Supplied information —

* * * *

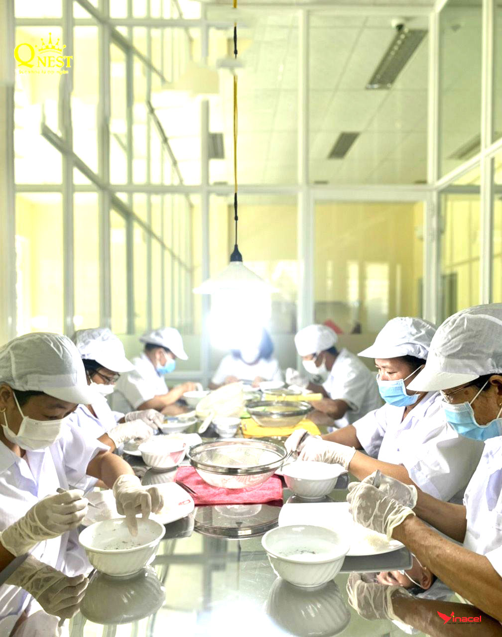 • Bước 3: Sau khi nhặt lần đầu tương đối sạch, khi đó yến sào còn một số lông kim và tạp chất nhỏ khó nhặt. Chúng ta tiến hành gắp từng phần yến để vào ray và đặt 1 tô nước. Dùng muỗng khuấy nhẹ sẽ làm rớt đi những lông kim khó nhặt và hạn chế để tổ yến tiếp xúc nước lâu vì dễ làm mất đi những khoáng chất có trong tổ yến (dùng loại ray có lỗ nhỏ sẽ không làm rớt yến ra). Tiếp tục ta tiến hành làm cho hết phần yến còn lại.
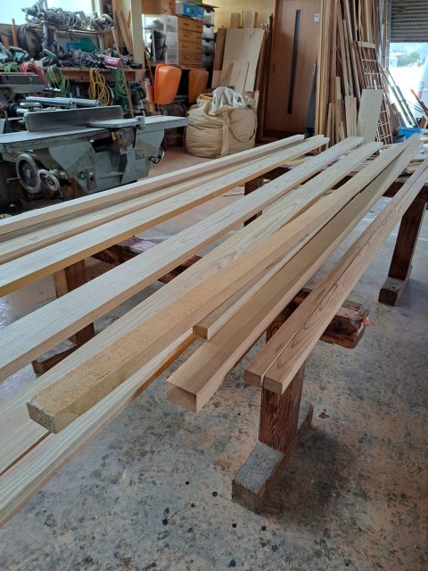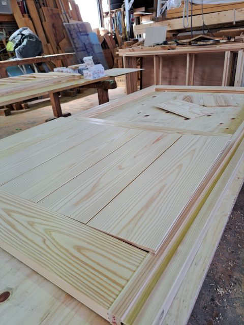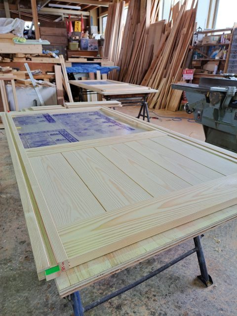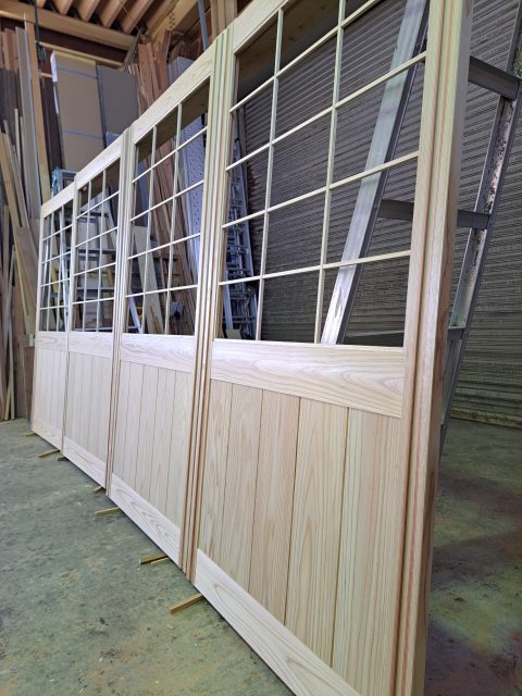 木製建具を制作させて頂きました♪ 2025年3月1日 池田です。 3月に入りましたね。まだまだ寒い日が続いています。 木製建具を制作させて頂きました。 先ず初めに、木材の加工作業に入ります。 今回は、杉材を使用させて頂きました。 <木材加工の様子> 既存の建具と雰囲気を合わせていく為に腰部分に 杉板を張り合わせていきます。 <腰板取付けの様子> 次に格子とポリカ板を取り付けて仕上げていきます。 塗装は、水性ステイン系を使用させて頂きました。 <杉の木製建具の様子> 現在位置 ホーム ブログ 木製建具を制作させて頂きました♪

* * * *

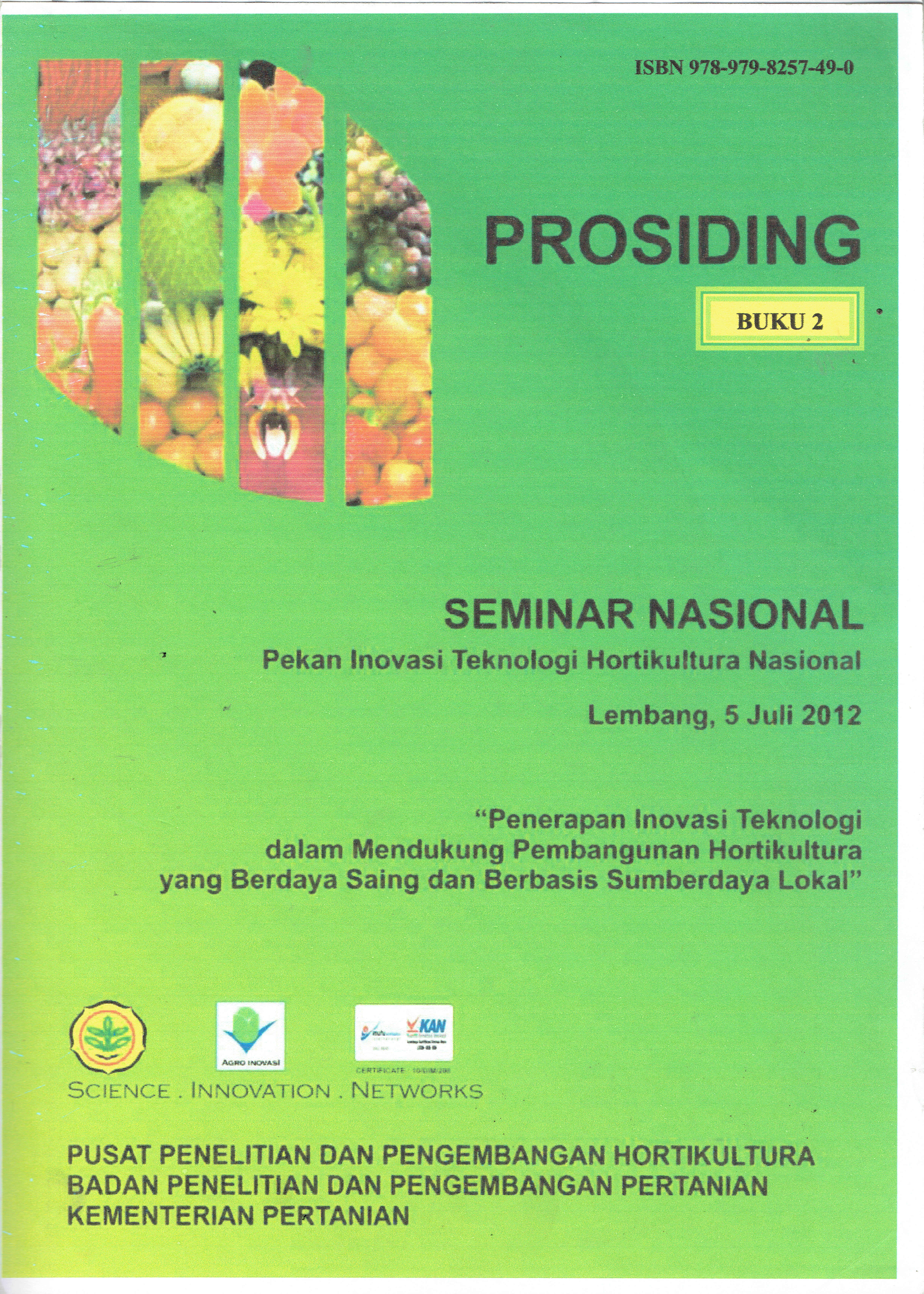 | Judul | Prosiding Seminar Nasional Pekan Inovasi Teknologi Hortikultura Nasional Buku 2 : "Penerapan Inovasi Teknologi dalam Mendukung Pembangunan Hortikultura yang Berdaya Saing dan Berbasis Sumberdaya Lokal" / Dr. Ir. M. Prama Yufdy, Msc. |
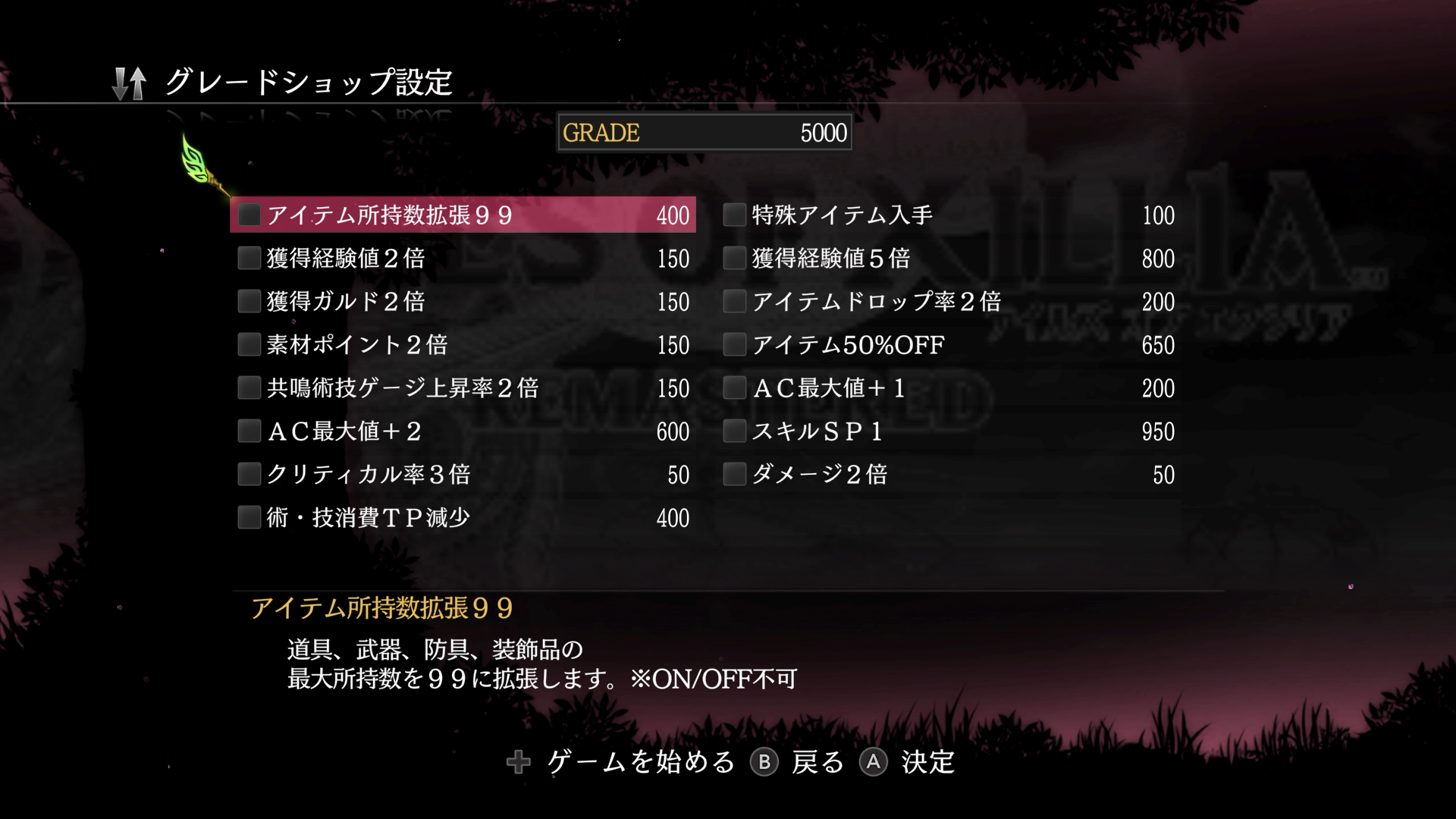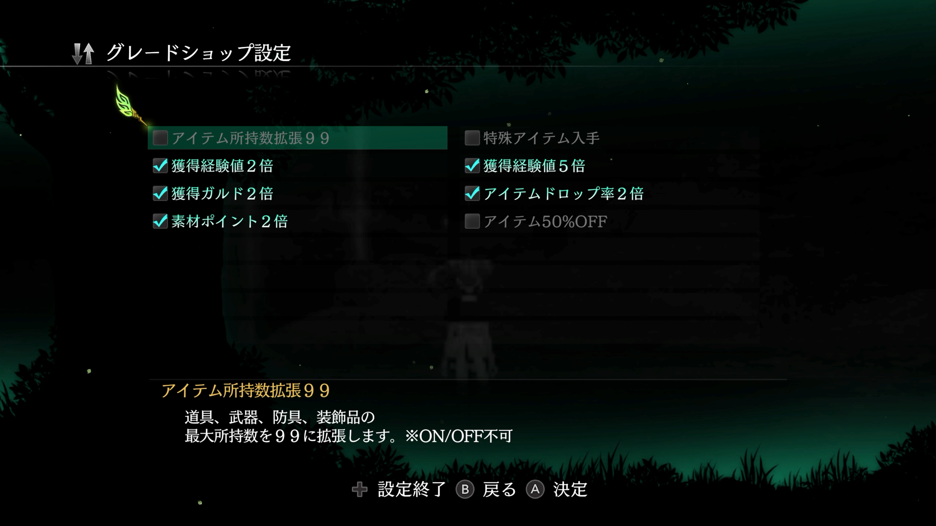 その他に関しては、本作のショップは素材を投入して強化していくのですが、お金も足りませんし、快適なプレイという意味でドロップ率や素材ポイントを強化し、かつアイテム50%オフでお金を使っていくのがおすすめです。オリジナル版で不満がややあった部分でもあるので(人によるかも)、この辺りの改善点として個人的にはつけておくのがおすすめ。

* * * *

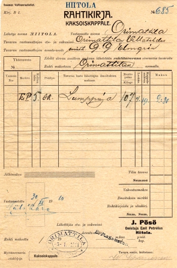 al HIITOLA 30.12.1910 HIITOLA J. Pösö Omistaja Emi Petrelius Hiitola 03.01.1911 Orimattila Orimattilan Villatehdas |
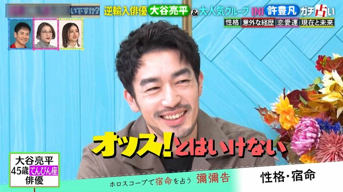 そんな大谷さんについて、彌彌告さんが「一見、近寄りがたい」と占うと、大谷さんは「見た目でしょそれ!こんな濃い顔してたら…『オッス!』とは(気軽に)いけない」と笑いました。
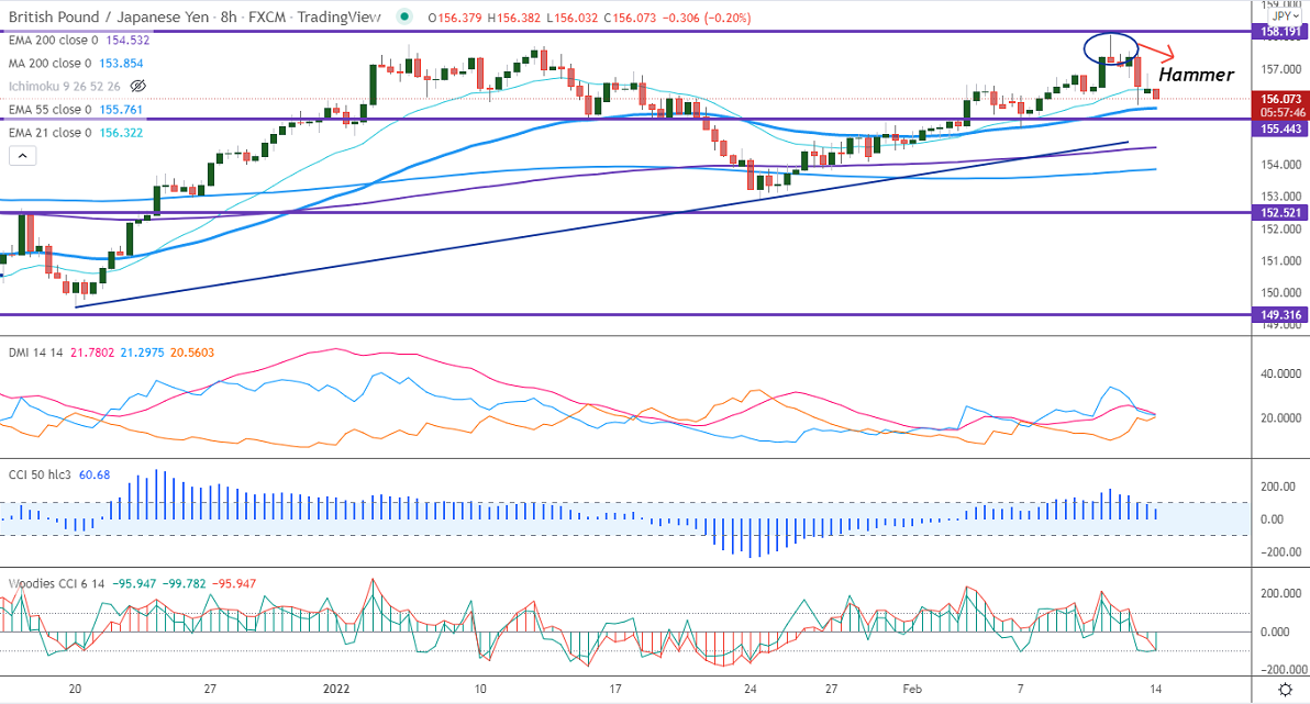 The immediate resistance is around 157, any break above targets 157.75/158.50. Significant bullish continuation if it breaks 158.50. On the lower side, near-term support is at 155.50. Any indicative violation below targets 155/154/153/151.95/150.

* * * *

Exercise description —
Reproduce the data above exactly, but only the lines from the one showing "yến còn lại." through the one showing "木製建具を制作させて頂きました♪ 2025年3月1日 池田です。", with both ends kept and the pictures left out.

Your response —
 • Bước 3: Sau khi nhặt lần đầu tương đối sạch, khi đó yến sào còn một số lông kim và tạp chất nhỏ khó nhặt. Chúng ta tiến hành gắp từng phần yến để vào ray và đặt 1 tô nước. Dùng muỗng khuấy nhẹ sẽ làm rớt đi những lông kim khó nhặt và hạn chế để tổ yến tiếp xúc nước lâu vì dễ làm mất đi những khoáng chất có trong tổ yến (dùng loại ray có lỗ nhỏ sẽ không làm rớt yến ra). Tiếp tục ta tiến hành làm cho hết phần yến còn lại.
 木製建具を制作させて頂きました♪ 2025年3月1日 池田です。 3月に入りましたね。まだまだ寒い日が続いています。 木製建具を制作させて頂きました。 先ず初めに、木材の加工作業に入ります。 今回は、杉材を使用させて頂きました。 <木材加工の様子> 既存の建具と雰囲気を合わせていく為に腰部分に 杉板を張り合わせていきます。 <腰板取付けの様子> 次に格子とポリカ板を取り付けて仕上げていきます。 塗装は、水性ステイン系を使用させて頂きました。 <杉の木製建具の様子> 現在位置 ホーム ブログ 木製建具を制作させて頂きました♪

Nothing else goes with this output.